Some other brief notes:

  • Darryl is a decent addition to the crew. He’s clearly supposed to be just as ignorant as his brother though, apparently, not as vocal about it but his crossbow is genius (projectile weapon that is comparatively silent to its firearm cousin). I like the idea of having a trained hunter on the team, especially one with Darryl’s personality, since that element of zombies-as-animals will become more of an issue as we continue. Also, Darryl made a reference to a Katherine Hepburn movie and used it as an insult. That’s respectable.

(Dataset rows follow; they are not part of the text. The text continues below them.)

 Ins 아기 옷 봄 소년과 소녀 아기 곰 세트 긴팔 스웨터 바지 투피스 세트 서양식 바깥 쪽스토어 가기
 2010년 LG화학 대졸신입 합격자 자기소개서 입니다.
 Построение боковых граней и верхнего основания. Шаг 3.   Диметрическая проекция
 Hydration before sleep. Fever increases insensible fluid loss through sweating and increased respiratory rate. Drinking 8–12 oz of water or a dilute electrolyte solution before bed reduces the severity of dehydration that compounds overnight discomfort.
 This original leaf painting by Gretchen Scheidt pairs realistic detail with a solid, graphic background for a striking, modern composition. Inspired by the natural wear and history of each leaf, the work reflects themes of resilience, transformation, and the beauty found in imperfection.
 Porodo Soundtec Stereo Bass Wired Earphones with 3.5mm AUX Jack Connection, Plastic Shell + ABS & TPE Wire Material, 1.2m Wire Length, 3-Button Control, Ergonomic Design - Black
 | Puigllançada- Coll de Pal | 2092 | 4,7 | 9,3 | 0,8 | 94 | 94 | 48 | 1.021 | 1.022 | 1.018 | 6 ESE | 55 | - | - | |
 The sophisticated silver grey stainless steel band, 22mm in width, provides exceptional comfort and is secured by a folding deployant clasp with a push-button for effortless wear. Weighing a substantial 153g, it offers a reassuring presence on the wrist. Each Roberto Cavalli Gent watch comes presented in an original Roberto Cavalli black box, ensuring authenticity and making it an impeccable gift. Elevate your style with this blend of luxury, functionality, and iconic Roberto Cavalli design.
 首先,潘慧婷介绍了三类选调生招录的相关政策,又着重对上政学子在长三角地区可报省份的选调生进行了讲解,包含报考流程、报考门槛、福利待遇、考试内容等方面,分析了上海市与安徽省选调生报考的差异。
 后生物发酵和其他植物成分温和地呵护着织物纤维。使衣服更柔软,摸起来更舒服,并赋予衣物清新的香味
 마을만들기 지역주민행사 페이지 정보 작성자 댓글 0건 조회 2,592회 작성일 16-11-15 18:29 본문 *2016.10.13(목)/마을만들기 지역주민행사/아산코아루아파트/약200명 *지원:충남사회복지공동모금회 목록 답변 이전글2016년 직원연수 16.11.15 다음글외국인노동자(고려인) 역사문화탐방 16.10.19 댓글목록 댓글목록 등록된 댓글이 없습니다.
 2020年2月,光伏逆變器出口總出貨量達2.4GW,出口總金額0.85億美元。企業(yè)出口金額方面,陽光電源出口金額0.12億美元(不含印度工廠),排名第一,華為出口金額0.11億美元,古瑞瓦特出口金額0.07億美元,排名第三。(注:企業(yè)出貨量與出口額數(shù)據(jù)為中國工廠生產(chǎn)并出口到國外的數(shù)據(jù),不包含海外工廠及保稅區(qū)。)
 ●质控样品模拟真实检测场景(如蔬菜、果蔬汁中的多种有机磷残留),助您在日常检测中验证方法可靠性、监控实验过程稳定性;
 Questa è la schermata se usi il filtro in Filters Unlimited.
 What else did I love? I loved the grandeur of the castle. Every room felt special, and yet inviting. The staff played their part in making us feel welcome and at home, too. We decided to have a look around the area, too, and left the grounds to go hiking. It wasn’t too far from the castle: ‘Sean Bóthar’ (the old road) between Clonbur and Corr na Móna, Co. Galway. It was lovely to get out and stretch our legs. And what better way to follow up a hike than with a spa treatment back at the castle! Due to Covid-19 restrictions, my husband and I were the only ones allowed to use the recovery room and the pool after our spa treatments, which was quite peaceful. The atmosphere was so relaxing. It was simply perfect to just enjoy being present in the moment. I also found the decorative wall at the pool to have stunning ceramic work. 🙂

  • From the camp, one can see pieces of the Atlanta skyline (most prominently the Bank of America building) which means they aren’t that far away from Atlanta at all. In fact, it kind of resembles what the skyline looks like from the Clifton Road corridor (where the CDC is) or possibly from the Cumberland area of Marietta, a city that sits relatively close to the Perimeter (I-285, the ring road around the city of Atlanta). It begs the question: why not head to Roswell, Alpharetta, Cherokee County, Dalton, Dahlonega? The North Fulton County suburbs are within 30 minutes drive from the city, Dahlonega and Dalton probably an hour or hour and a half. I understand they might have wanted to stay close for the people venturing into the city to get survivors but you might not want to stick around so close to town if you’re afraid Walkers might get out of town. Granted, you get far enough out into the country and you have a new fear: Leatherface.
  • And now the big finale: Glen, Rick, Daryl, and T-Dog get to the top of the building and cut the chain to find a saw, a hand, and the handcuffs still on the pipe. With the saw involved, I assume we’re supposed to eliminate the possibility that zombie ate him all up except for that one hand. So, if you finally get a hack saw — WHY WOULD YOU SAW THROUGH YOUR OWN HAND? You have the tool you need to saw through the metal. Why decide to lop off your own hand instead? There is no wooden puppet telling you what to do. I was already suspending my disbelief since I know younger versions of Merle that are just as anti-authority and they all know how to break their thumbs to get out of the cuffs. Maybe we can blame the delusional insanity Merle was demonstrating in the tease but it seems so drastic and weird that he’d cut his own hand off in order to get out of the cuffs. Did I just miss something?